Drohnenpiloten liefern wertvolle Bilder
Auch die Drohnenpiloten der Feuerwehr Kirchheim sind angerückt. Sie liefern wertvolle Bilder aus der Luft, die die Feuerwehrleute an einem großen Bildschirm begutachten. Eine Temperatur von 510 Grad wird an einem Punkt des Gebäudes angezeigt. Einem der Helfer bereitet vor allem eine Ecke des Gebäudes Sorgen. Von dort aus könnten sich die Flammen schnell auf das benachbarte Gebäude ausbreiten.
Es ist klar, dass dieser Einsatz die gesamte Nacht dauern wird. Ab 2.30 Uhr werden einzelne Trupps unter Atemschutz in das Gebäude geschickt, um den Brand von innen zu bekämpfen. Bürgermeister Steffen Weigel ist ebenfalls zum Otto-Quartier gekommen. „Ein Anruf von der Feuerwehr hat es dieses Mal nicht gebraucht. Ich habe den Hubschrauber gehört. Als ich aus dem Fenster geschaut habe, habe ich schon den erleuchteten Himmel gesehen und bin gleich hin.“ Das Wichtigste sei, dass niemand verletzt worden ist, sagt Weigel.
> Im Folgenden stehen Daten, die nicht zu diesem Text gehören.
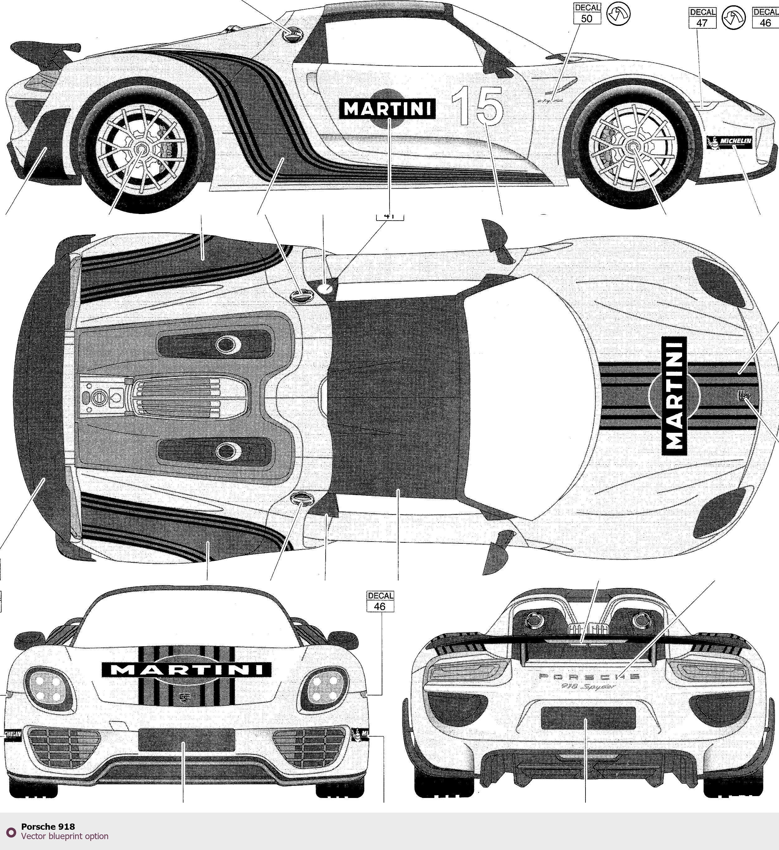 Raster blueprint of the Porsche 918 Coupe. This free downloadable image can be used for graphic projects, digital design, and 3D modeling. The file provides accurate exterior proportions of the vehicle. Body type: Coupe.
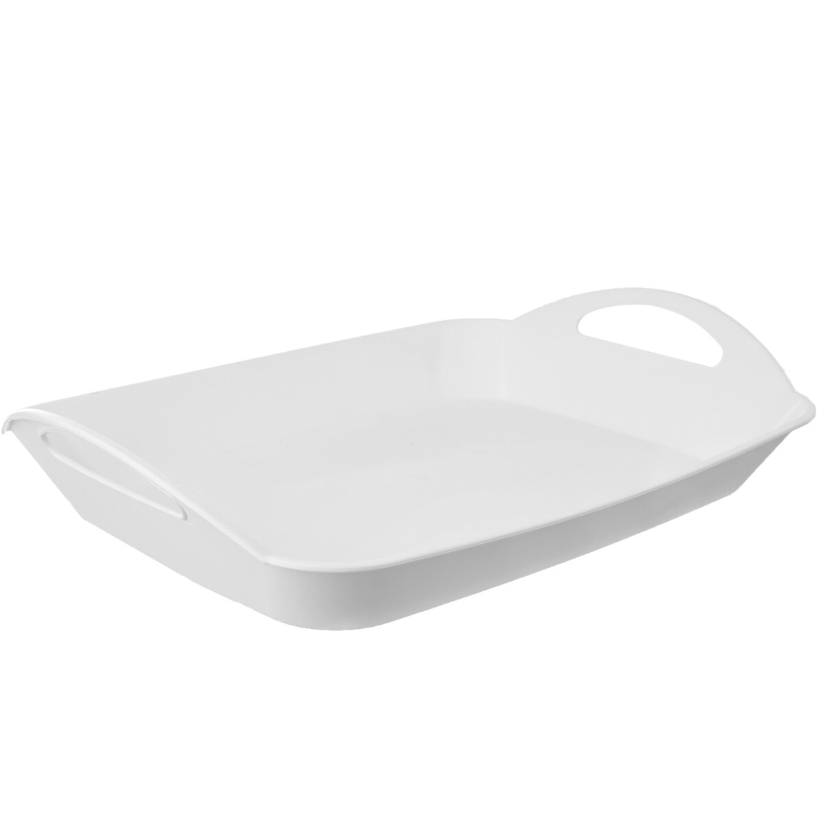 Kód produktu 153833Hluboký bílý plastový tác s uchy o rozměru 43,5x31,5x5 cm slouží k přenášení nápojů a pokrmů.

Doch auch die Sorge um die umliegenden denkmalgeschützten Gebäude ist groß. „Besonders beim Spinnerei-Hochbau“, so der Rathauschef. Doch die Feuerwehr kann ein Übergreifen des Feuers verhindern. Bis zum Dienstagmorgen dauern die Löscharbeiten. Gegen 9 Uhr steigen nur noch wenige Rauchschwaden aus der Brandruine auf. Löschschaum auf den Dachziegeln des alten Gebäudes wirkt fast wie Schnee. Einige wenige Feuerwehrangehörige sind noch vor Ort, um die Brandwache zu übernehmen. „Es gibt noch vereinzelte Glutnester, die immer wieder gelöscht werden“, sagt einer der Helfer. Der Blick durch eine Tür der Industriehalle lässt erahnen, wie das Feuer gewütet haben muss. Teile des Daches sind heruntergestürzt, verkohlte Holzbalken liegen herum. Das ganze Ausmaß der Zerstörung wird aber erst von oben sichtbar. Von dem Dach des stillgelegten Gebäudekomplexes ist kaum noch etwas übrig. Die Polizei geht von einem Schaden in Millionenhöhe aus. Die Kriminalpolizei hat die Ermittlungen zur Brandursache aufgenommen.
Mehrere Brände innerhalb weniger Wochen
Für die Wendlinger Feuerwehrleute war es der dritte Einsatz auf dem Otto-Areal innerhalb kürzester Zeit. Im November sei man zweimal zu kleineren Bränden ausgerückt, sagt Einsatzleiter Gau. Die habe man schnell im Griff gehabt. Zu den Brandursachen könne man nichts sagen. Auch Bürgermeister Weigel wurde über die auffällig häufigen Einsätze auf dem Areal informiert: „Die Feuerwehrleute haben mir mitgeteilt, dass sie sich Sorgen machen, angesichts der Einsätze“, so Weigel. Es sei schwierig, zu kontrollieren, was auf dem großen Gelände passiert. „Zumal es sich um Privatgelände handelt“, sagt der Bürgermeister.